**Assignment:** A verbatim repetition of the data below is requested, without images.

**Exercise data:**

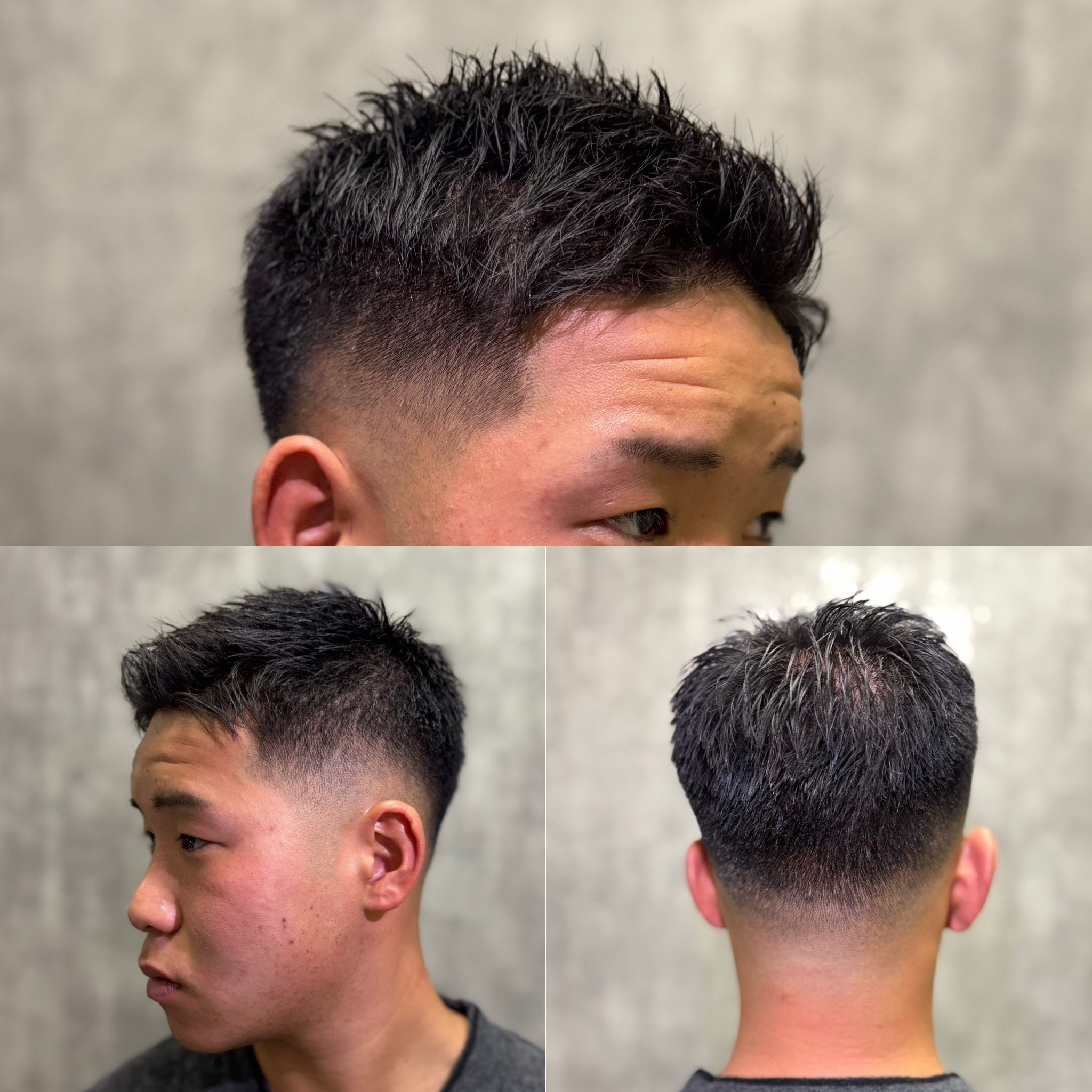 短髪はシルエットがはっきりするため、顔立ちが引き締まり、清潔感を演出しやすいスタイルです。2ブロックを自然に入れることで、横のボリュームを抑えつつ、全体のバランスを整えることができます。派手すぎず、さっぱりとした仕上がりは、仕事でもプライベートでも好印象につながります。
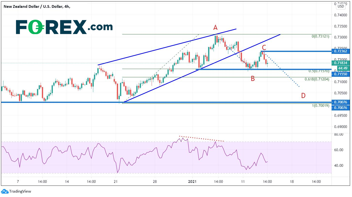纽元/美元走势与欧元/美元类似。汇价于1月6日站上0.7315高点,之后下破上升楔形。货币对于2020年12月12日低点至1月6日高点上行之50%回档0.7150附近暂停跌势。就像欧元/美元一样,纽元/美元似乎正在形成AB=CD形态,目标0.7075。汇价必须首先下破1月11日低点和前述时期走势之61.8%斐波拉契回档水平。若纽元/美元达成AB=CD目标,接下来看向上升楔形目标0.7007附近。若汇价升穿0.7237,形态失效,后市或攻向0.7315附近前高点。
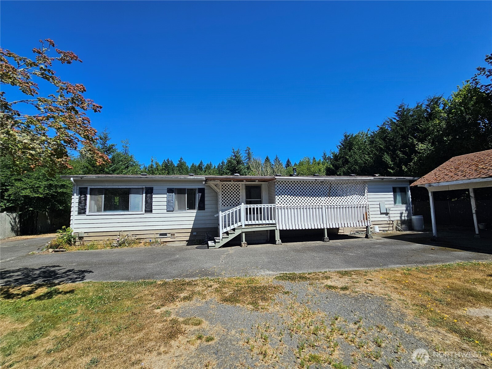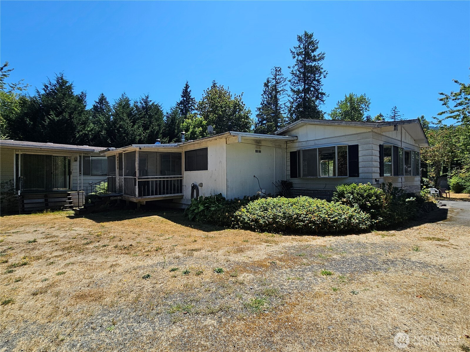 You'll love this thoughtful floorplan that flows easily from room to room, ideal for entertaining spacious. The double wide manufactured home built with an attached large 1 bd/1bath ADU is sitting on 1.64 acres of serene Northwest landscape with your own fruit trees. With 2,560 square feet of comfortable living space, this home features three bedrooms, one full and three-quarter bathrooms, and a cozy prefab fireplace. Located just minutes from downtown Eatonville, offering small-town charm with nearby amenities, schools, and parks.

**Reply:**
 短髪はシルエットがはっきりするため、顔立ちが引き締まり、清潔感を演出しやすいスタイルです。2ブロックを自然に入れることで、横のボリュームを抑えつつ、全体のバランスを整えることができます。派手すぎず、さっぱりとした仕上がりは、仕事でもプライベートでも好印象につながります。
纽元/美元走势与欧元/美元类似。汇价于1月6日站上0.7315高点,之后下破上升楔形。货币对于2020年12月12日低点至1月6日高点上行之50%回档0.7150附近暂停跌势。就像欧元/美元一样,纽元/美元似乎正在形成AB=CD形态,目标0.7075。汇价必须首先下破1月11日低点和前述时期走势之61.8%斐波拉契回档水平。若纽元/美元达成AB=CD目标,接下来看向上升楔形目标0.7007附近。若汇价升穿0.7237,形态失效,后市或攻向0.7315附近前高点。
 You'll love this thoughtful floorplan that flows easily from room to room, ideal for entertaining spacious. The double wide manufactured home built with an attached large 1 bd/1bath ADU is sitting on 1.64 acres of serene Northwest landscape with your own fruit trees. With 2,560 square feet of comfortable living space, this home features three bedrooms, one full and three-quarter bathrooms, and a cozy prefab fireplace. Located just minutes from downtown Eatonville, offering small-town charm with nearby amenities, schools, and parks.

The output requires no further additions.